Takich przykładów „z ojca na syna” było sporo na arenie międzynarodowej. Dla przykładu wymienię parę z Danii : utytułowany Ole Bjarne Olsen (mistrz świata indywidualnie: 1971, 1975, 1978, drużynowo - 1978, 1981,1983, w parach - 1979 i w long track-u 1973) oraz jego syn Jacob Olsen, który nie był, powiem szczerze, jakimś specjalnie wybitnym żużlowcem, ale próbował jeździć, a teraz sprawdza się jako organizator imprez żużlowych.

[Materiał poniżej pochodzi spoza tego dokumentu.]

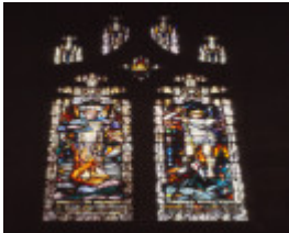
Corio Geelong Grammar School Chapel_ Michael and Uriel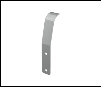
Tiara 2 LED 64mm handle cover (989766)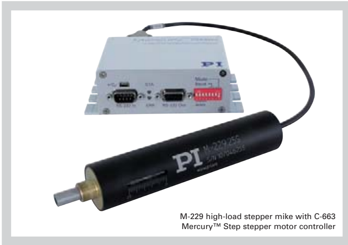
M-229 high-load stepper mike with C-663 Mercury™ Step stepper motor controller

Compact & Cost-Effective with Limit Switches, Force up to 50 N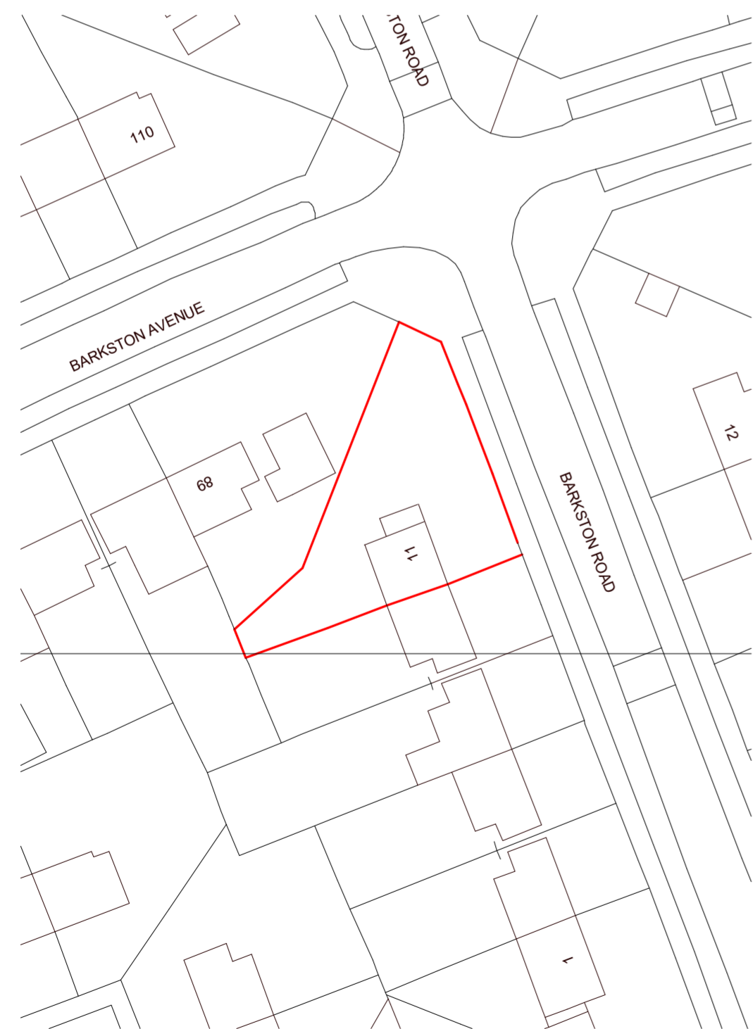
2 Site Plan Existing 1-500 1 : 500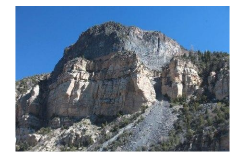
Fig. 2. Cedar Canyon

The ancient stories tell of mountains "melting like wax," an apt description for many lava fields that seem not to have flowed but only to have solidified in place. In the case of many isolated hills and mountains with basalt caps separated by drainage channels, the channel would have formed quickly while the material was still in a slurry state. Then the river of fire would have lithified the remaining slurry and melted the top [17]. There would be no millions of years while water gently rubbed away the hard basalt [17a].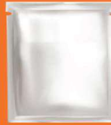
SOUP CONCENTRATE BAG 84 g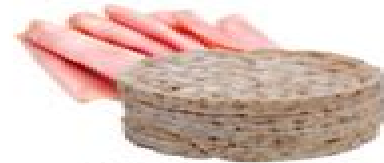
RICE CAKES + TURKEY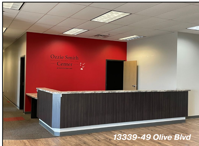
13339-49 Olive Blvd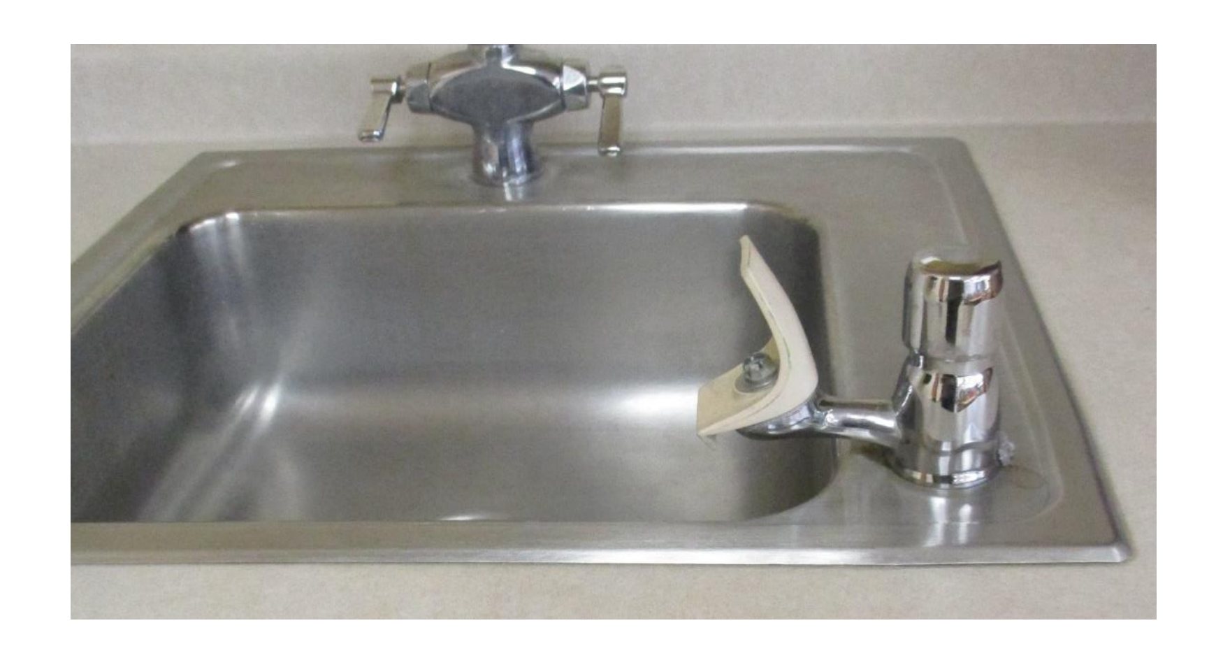
I will get a drink at school.

Wędrując na Antypody- mamy dziadka Neila Josepha Streeta (menadżer i inżynier, odznaczony Orderem Australii za zasługi dla żużla) i jego zięcia Phila Johna Crumpa (mistrz świata w drużynie 1976) oraz jednak najbardziej z nich utytułowanego przedstawiciela trzeciego już pokolenia tej żużlowej rodziny - Jasona Crumpa (mistrz świata drużynowo: 1999, 2001, 2002 oraz indywidualnie: 2004, 2006, 2009).Ten ostatni – rudzielec, potrafiący grać na nerwach kibicom, i przez to niemiłosiernie nieraz przez nich wygwizdywany, choćby we Wrocławiu - przeszedł do annałów historii żużla na kontynencie australijskim.

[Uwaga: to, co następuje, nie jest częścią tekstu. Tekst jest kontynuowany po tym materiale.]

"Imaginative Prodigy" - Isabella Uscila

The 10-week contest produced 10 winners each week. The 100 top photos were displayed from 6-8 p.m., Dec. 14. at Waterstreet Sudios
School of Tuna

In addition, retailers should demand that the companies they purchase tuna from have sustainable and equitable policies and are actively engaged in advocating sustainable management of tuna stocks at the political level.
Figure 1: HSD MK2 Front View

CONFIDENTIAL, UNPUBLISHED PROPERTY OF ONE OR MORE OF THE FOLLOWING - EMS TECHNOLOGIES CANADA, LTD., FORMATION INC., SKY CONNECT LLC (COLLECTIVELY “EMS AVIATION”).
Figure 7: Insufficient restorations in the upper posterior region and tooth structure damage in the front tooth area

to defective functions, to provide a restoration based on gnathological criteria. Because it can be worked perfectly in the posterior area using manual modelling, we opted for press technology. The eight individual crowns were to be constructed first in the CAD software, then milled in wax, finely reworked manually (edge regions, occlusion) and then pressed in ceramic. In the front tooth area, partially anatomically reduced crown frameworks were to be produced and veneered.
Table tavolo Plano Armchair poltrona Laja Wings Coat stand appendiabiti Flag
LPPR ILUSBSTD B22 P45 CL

Wreszcie z Nowej Zelandii Barry Briggs (mistrz świata indywidualnie 1957,1958, 1964, 1966 jako reprezentant Nowej Zelandią oraz mistrz świata w drużynie 1968 i 1971 jako reprezentant Wielkiej Brytanii) i jego syn Tony Briggs (srebro w Indywidualnych Mistrzostwach Świata Juniorów 1980 –jako zawodnik Nowej Zelandii).
To tylko kilka przykładów z wielu. Innych starczyłoby na parę artykułów. Może zresztą warto kontynuować te żużlowe sagi ? Co Państwo na to?